EXERCISE INSTRUCTIONS: Exclude the pictures and set down, unaltered, the lines from the one that holds "Paar mit Glas" through the end of the data.

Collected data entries
^^^^^^^^^^^^^^^^
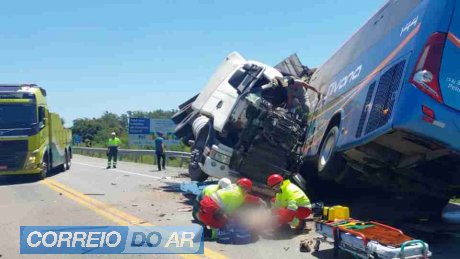 De acordo com a Polícia Rodoviária Federal (PRF), o caminhão não conseguiu parar ao se deparar com um congestionamento na rodovia. O motorista teria desviado para a pista contrária na tentativa de evitar uma batida com veículos parados, mas acabou batendo frontalmente com o ônibus.
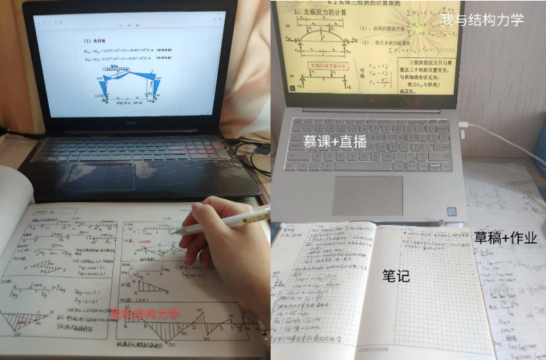 周老师还开展了题为“我和结构力学”的教学活动,关注同学们在家中的实际学习状况。由于课程在上午12节,周老师每次课前会早早督促同学们做准备,提前进入课堂。对于新疆的同学来说,早上8点上课任务比较艰巨,但他们也克服了重重困难,家中没有特殊事情的情况下都能及时到课完成学习。两个班的同学在课程学习的过程中互帮互助,学习氛围浓厚。
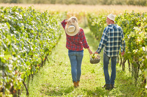 Paar mit Glas Rotwein bei Weinprobe im Weinberg
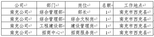 南充振兴产业园实业有限公司(简称“南充公司”)系四川振兴产业园实业有限公司下设的全资子公司,公司根据业务发展需要,现面向社会公开招聘南充公司工作人员,有关事项公告如下:
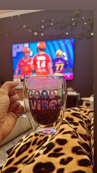 सानिया ने शुक्रवार रात को अपने इंस्टाग्राम पर तस्वीर शेयर की। इस तस्वीर में उनके हाथ में मग है जिसपर गुड वाइब्स लिखा है। सानिया के सामने टीवी चल रहा था। इस टीवी पर क्रिकेट मैच चल रहा था। यह पुरुष क्रिकेट का नहीं बल्कि महिला क्रिकेट का मैच था। सानिया महिला प्रीमियर लीग का मुकाबला देख रही थीं।
^^^^^^^^^^^^^^^^
ANSWER SECTION:
 Paar mit Glas Rotwein bei Weinprobe im Weinberg
 南充振兴产业园实业有限公司(简称“南充公司”)系四川振兴产业园实业有限公司下设的全资子公司,公司根据业务发展需要,现面向社会公开招聘南充公司工作人员,有关事项公告如下:
 सानिया ने शुक्रवार रात को अपने इंस्टाग्राम पर तस्वीर शेयर की। इस तस्वीर में उनके हाथ में मग है जिसपर गुड वाइब्स लिखा है। सानिया के सामने टीवी चल रहा था। इस टीवी पर क्रिकेट मैच चल रहा था। यह पुरुष क्रिकेट का नहीं बल्कि महिला क्रिकेट का मैच था। सानिया महिला प्रीमियर लीग का मुकाबला देख रही थीं।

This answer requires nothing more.